Board composition, education and evaluation

The Governance Committee is responsible for:

 

  developing a Board composition plan and recommending the nomination of directors to the Board and Board Committees;
  establishing formal orientation and education programs for directors;
  reviewing and reporting to the Board on risk management matters relating to corporate liability protection programs for directors and officers;
  assessing the performance of the Board, Board Committees, the Chair of the Board and individual directors;
  monitoring the quality of the relationship among Board members and Board Committees and with management and recommending any changes; and
  ensuring the Board functions independently of management.

One of the Governance Committee’s objectives is to nominate a balanced mix of members to the Board who have the necessary experience and expertise to make a meaningful contribution in carrying out duties on behalf of the Board.

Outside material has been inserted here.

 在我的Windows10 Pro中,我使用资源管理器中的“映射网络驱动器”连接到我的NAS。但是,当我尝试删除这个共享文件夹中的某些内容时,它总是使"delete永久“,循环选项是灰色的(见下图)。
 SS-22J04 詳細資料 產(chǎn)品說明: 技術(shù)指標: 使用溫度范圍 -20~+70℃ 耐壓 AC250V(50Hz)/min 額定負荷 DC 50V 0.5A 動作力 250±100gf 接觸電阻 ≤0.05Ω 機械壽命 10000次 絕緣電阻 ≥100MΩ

It sets guidelines for recruiting new talent with criteria for relevant expertise, senior management experience or other qualifications. See Identifying new candidates and Diversity beginning on page 35 for more information.

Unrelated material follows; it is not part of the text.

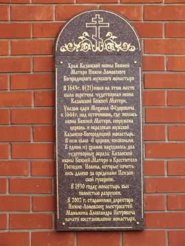 На месте, где до революции стоял Казанский храм Нижнеломовского Казанско-Богородицкого мужского монастыря, недалеко от источника, на котором в 1643 году явился образ Казанской Богородицы, в 2004 году был построен храм в честь Казанской иконы Божией Матери.

The Governance Committee manages the annual performance review of the Board. See Board evaluation beginning on page 34 for more information.

Compensation

The Governance Committee is responsible for reviewing and setting directors’ compensation. There was no increase in directors’ compensation in 2016. See Director compensation discussion and analysis beginning on page 46 for more information.

2016 overview

The Governance Committee carried out the following activities as part of its 2016 work plan:

 

  reviewed proxy voting recommendations and annual meeting voting results for the 2016 annual meeting;
  approved our statement on corporate governance practices for this circular;
  received reports on employee and director compliance with the statement on business conduct;
  reviewed the qualifications and independence of all members of the Board;
  reviewed management’s reports on our director and officer liability protection program and management information systems;
  reviewed the Board composition plan and skills matrix for the current Board and analyzed the implications our strategic plan has on Board composition;
  actively participated in a process to identify candidates for Board succession purposes;
  reviewed minor amendments to the directors’ compensation plan;
  reviewed minor revisions to the General Guidelines for the Board;
  reviewed amendments to the Insider Trading & Reporting Guidelines and Disclosure Guidelines;
  reviewed the composition of the Board committees; and
  conducted the Board evaluation process for 2016 and reviewed and reported to the Board on the results of the various assessments.

Awards and recognition

In 2016, Enbridge’s in-house legal team was honored with a Global Counsel Award in the “general commercial team” category.

In 2016, CPA of Canada awarded Enbridge honourable mention for corporate governance disclosure for 2015.

Governance

In November 2016, the Governance Committee reviewed its mandate, as set out in the terms of reference, and assessed its performance. The committee determined its mandate was appropriate and that it met all of its responsibilities in 2016.

The Governance Committee met four times in 2016 and held in camera meetings without management present at each meeting. Before each meeting, the chair of the committee reviews agenda items for the meeting and discusses any significant issues with management.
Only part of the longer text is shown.